[DATASET RECORDS — start]
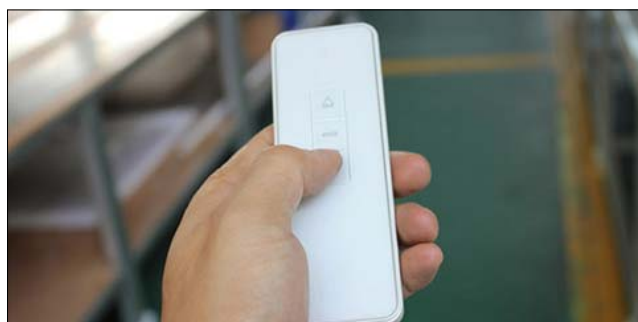
Опциональный пульт ДУ
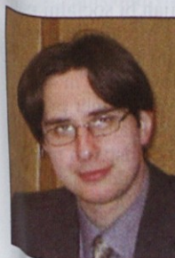
Piše: Jure Snoj, univ. dipl. ekon.

Proračunski primanjkljaj je februarja znašal kar 21 milijard tolarjev, do konca marca je zrasel na 28,4 milijarde, do konca leta naj bi znašal 41 do 60 milijard. To je veliko več, kot znaša proračunski fiskalni stabilizator, saj dovoljuje le 15 milijard tolarjev dodatnega primanjkljaja.
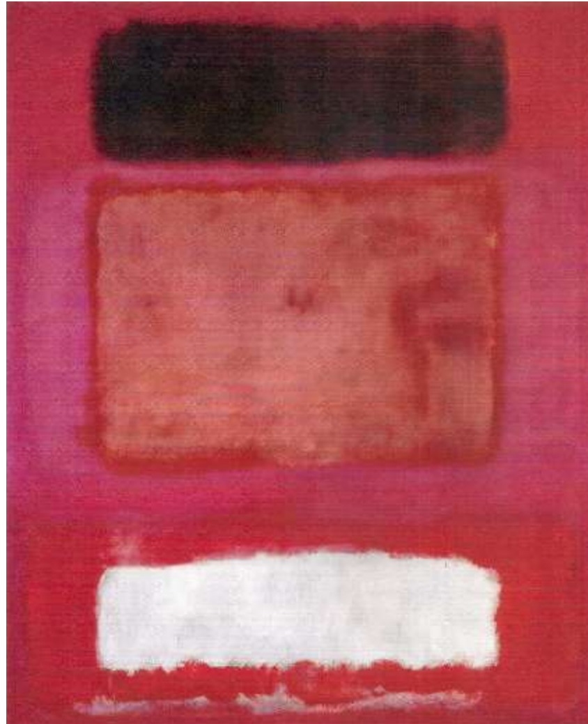
Mark Rothko. Red, White and Brown , óleo sobre lienzo, 1957.

Pintura de contemplación o de campos de color. All over (de un borde al otro).
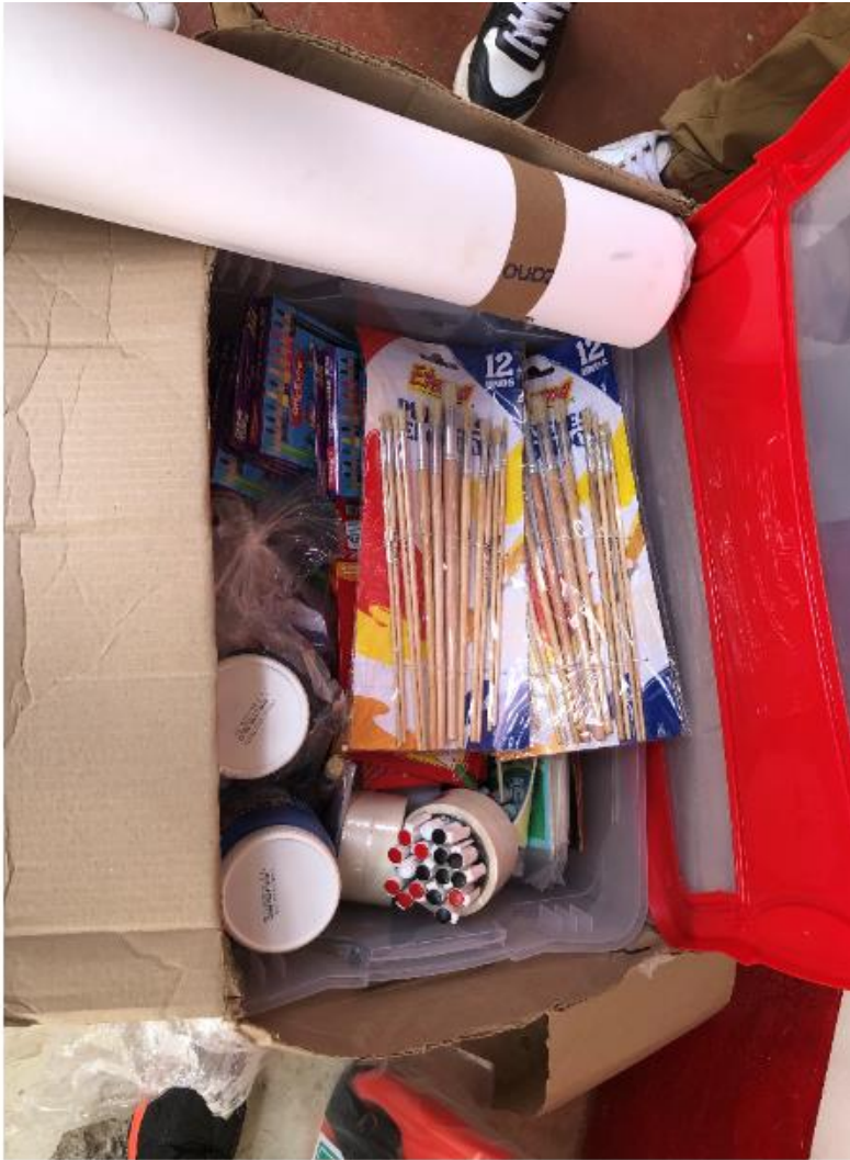
Dotación recibida de Opción legal
[DATASET RECORDS — finish]
An exact copy of every entry, minus the pictures, is what you should return.

Опциональный пульт ДУ
Piše: Jure Snoj, univ. dipl. ekon.

Proračunski primanjkljaj je februarja znašal kar 21 milijard tolarjev, do konca marca je zrasel na 28,4 milijarde, do konca leta naj bi znašal 41 do 60 milijard. To je veliko več, kot znaša proračunski fiskalni stabilizator, saj dovoljuje le 15 milijard tolarjev dodatnega primanjkljaja.
Mark Rothko. Red, White and Brown , óleo sobre lienzo, 1957.

Pintura de contemplación o de campos de color. All over (de un borde al otro).
Dotación recibida de Opción legal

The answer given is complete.